━━━ Data below ━━━

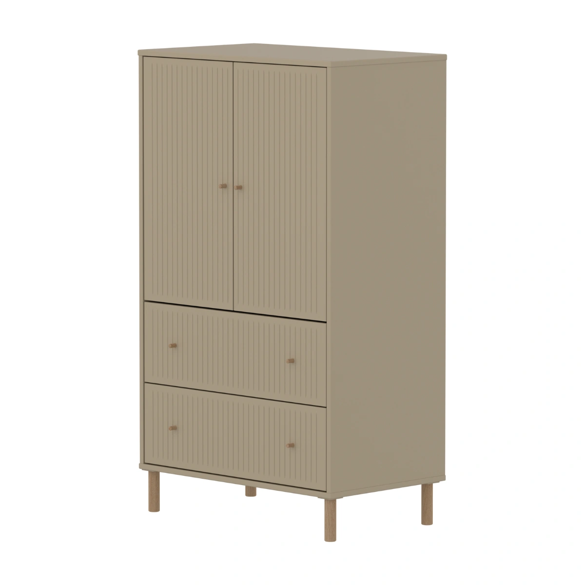SAGA系列 2門2抽橡木腳兒童櫥櫃(直序型紋理)-燕麥色
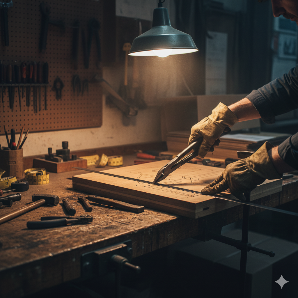 - برش دستی تخته: طرح نهایی روی تخته چوبی منتقل شده و مسیرهای تیغه با ارههای دستی یا مکانیکی ساده برش داده میشوند.
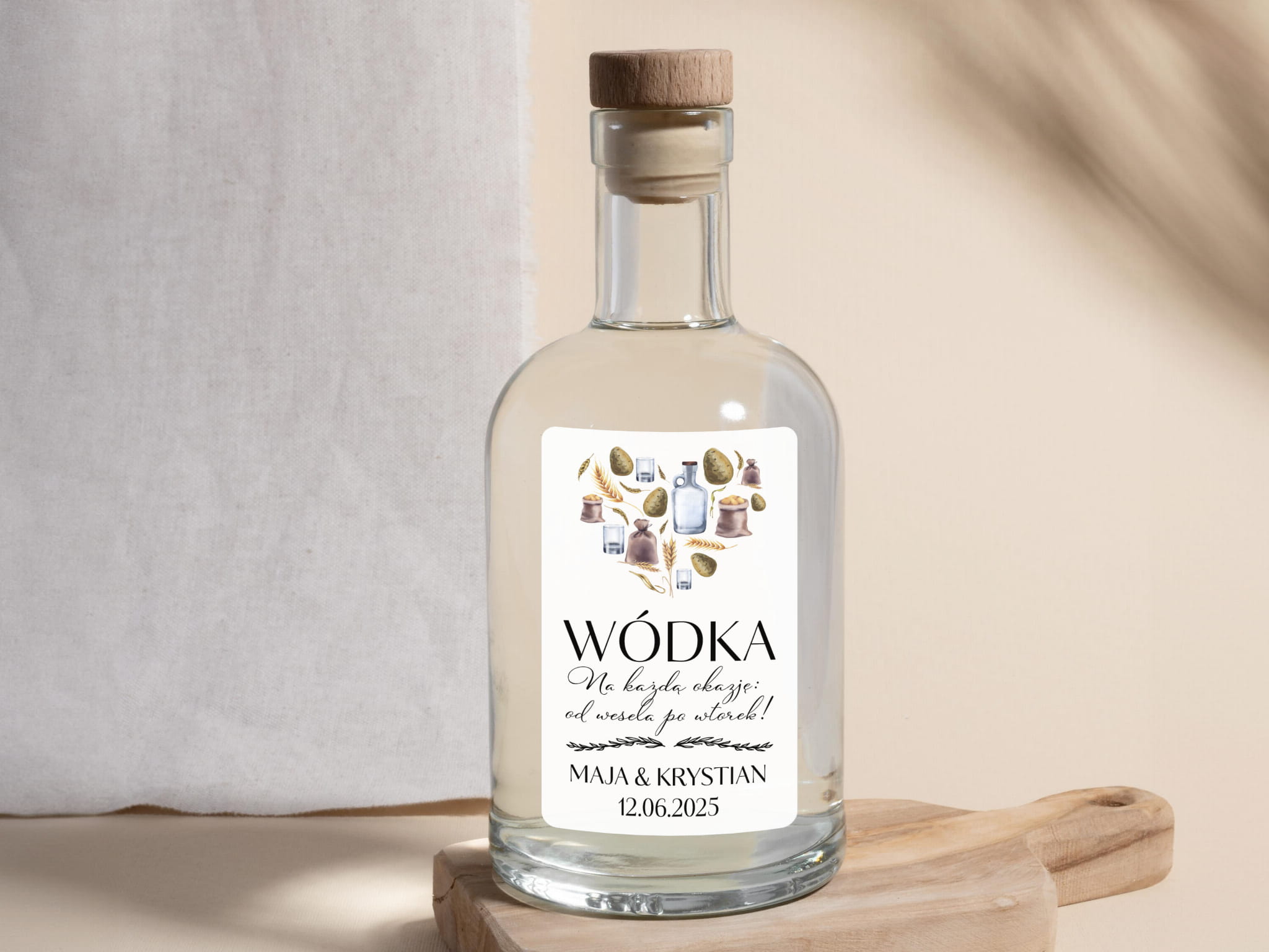 Personalizowane Naklejki na Alkohol Weselny – Etykiety na Wódkę, Nalewki i Bimber

━━━

• [To do]: Please return only the lines running from the line with "- برش دستی تخته: طرح" to the final line of the data, both included, exactly and without any pictures.

• [Answer to the problem]:
 - برش دستی تخته: طرح نهایی روی تخته چوبی منتقل شده و مسیرهای تیغه با ارههای دستی یا مکانیکی ساده برش داده میشوند.
 Personalizowane Naklejki na Alkohol Weselny – Etykiety na Wódkę, Nalewki i Bimber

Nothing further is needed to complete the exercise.